### [TASK REQUIREMENTS]
Take the line containing "pan brioche, carne" and every line below it through the end of the entries, and output them verbatim, pictures excluded.

►

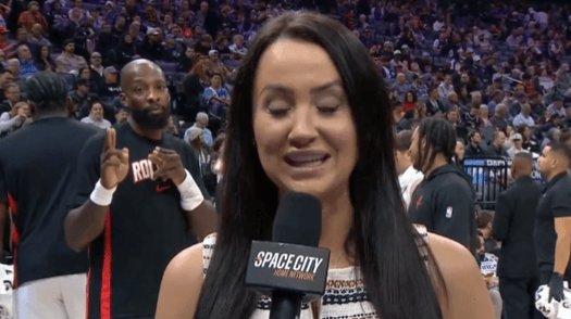 火箭球员杰夫-格林在比赛暂停时段被拍到在媒体镜头前,记者的身后手舞足蹈。
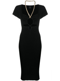 chain-strap cutout ribbed-knit midi dress PINKO’s midi black dress is just as classic as shorter-hemmed versions. Made from close-fitting ribbed-knit, it’s anchored with a chain-link halterneck that attaches to the bust. The artful cutouts are so alluring. Highlights - Black - Knitted construction - Square neck - Chain-link detailing - Halterneck - Short sleeves - Cut-out detailing - Cut-out detailing - Straight hem - Mid-length Made in Italy Composition Viscose 72%, Polyester 28% SIZE & FIT Model measurements Height 5 ft 9 in(1.75 m) Bust/Chest 31.49 in(80 cm) Hips 34.05 in(86.5 cm) Waist 24.21 in(61.5 cm) FittingInformation Designed for a close fit throughout Made with a midweight knit, this piece offers some stretch This piece fits true to size – take your usual size Washing instructions Hand Wash
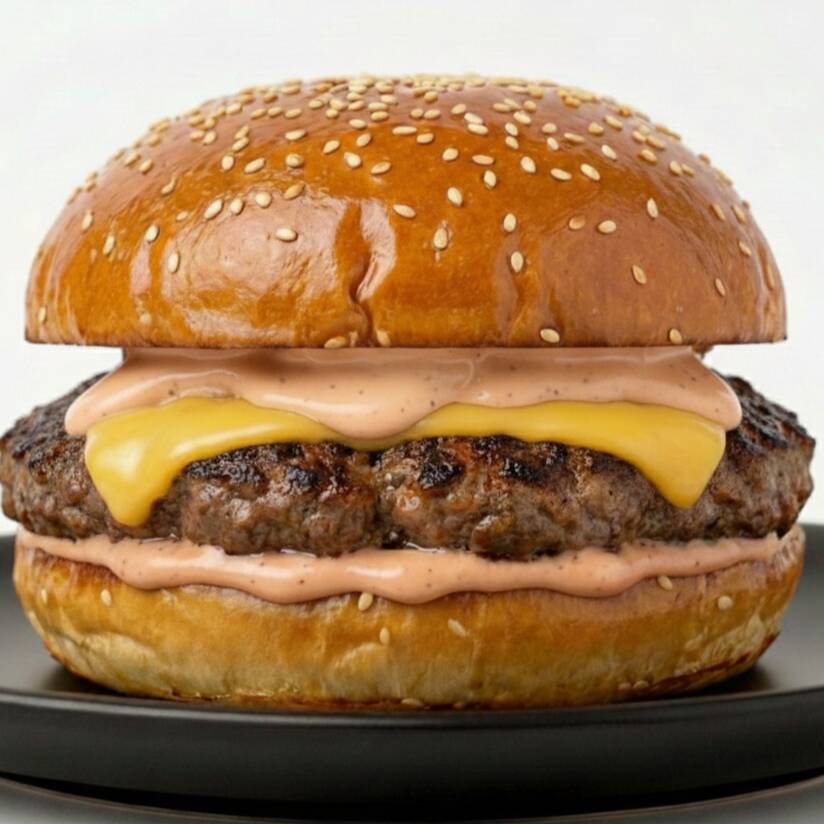 pan brioche, carne Angus (100 gr), queso tipo cheddar, salsa sweet smoke.
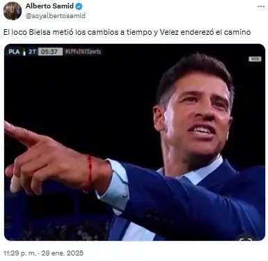 En un tuit lleno de sarcasmo disparó: “El loco Bielsa metió los cambios a tiempo y Vélez enderezó el camino”. Así, sumó un nuevo capítulo en cuanto a chicanas al exfutbolista de Newell’s, Estudiantes y Vélez, entre otros. No solo se burló de sus resultados al frente del Fortín, sino que también lo hacía durante su breve paso por Tigre,
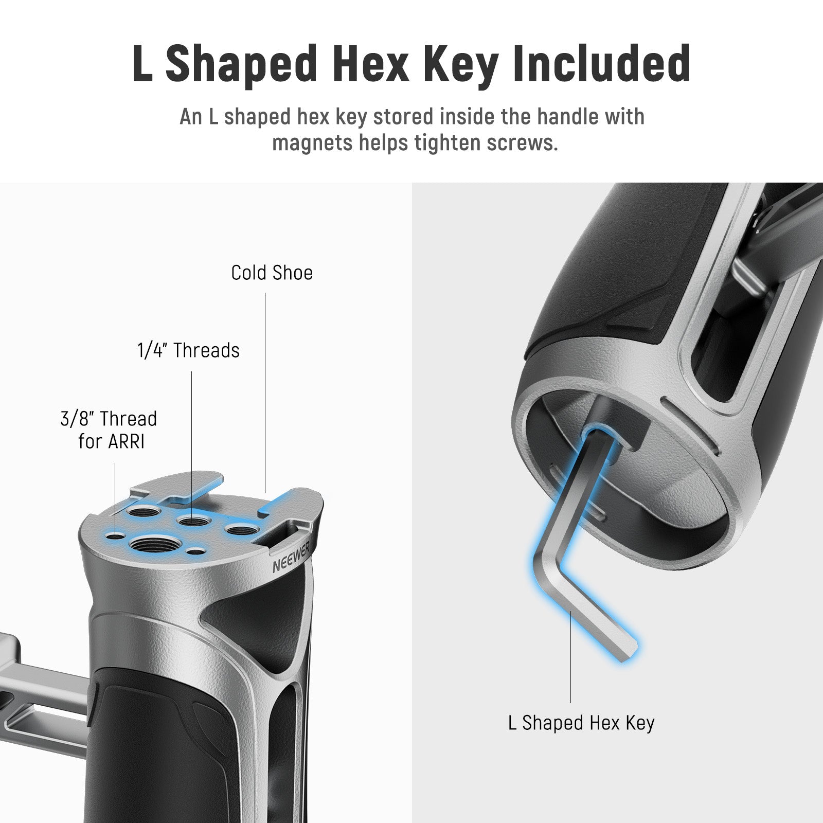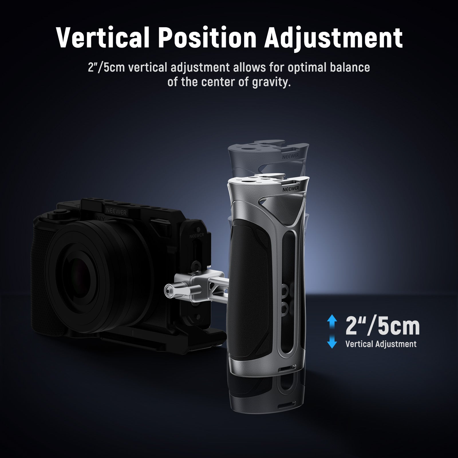 - 2"/5cm Vertical Adjustment- The connector arm supports 2"/5cm vertical adjustment for balancing the center of gravity and can be installed in either direction for the left or right hand. A hex key placed inside the handle helps you tighten the screws

◄

### [ANSWER]
 pan brioche, carne Angus (100 gr), queso tipo cheddar, salsa sweet smoke.
 En un tuit lleno de sarcasmo disparó: “El loco Bielsa metió los cambios a tiempo y Vélez enderezó el camino”. Así, sumó un nuevo capítulo en cuanto a chicanas al exfutbolista de Newell’s, Estudiantes y Vélez, entre otros. No solo se burló de sus resultados al frente del Fortín, sino que también lo hacía durante su breve paso por Tigre,
 - 2"/5cm Vertical Adjustment- The connector arm supports 2"/5cm vertical adjustment for balancing the center of gravity and can be installed in either direction for the left or right hand. A hex key placed inside the handle helps you tighten the screws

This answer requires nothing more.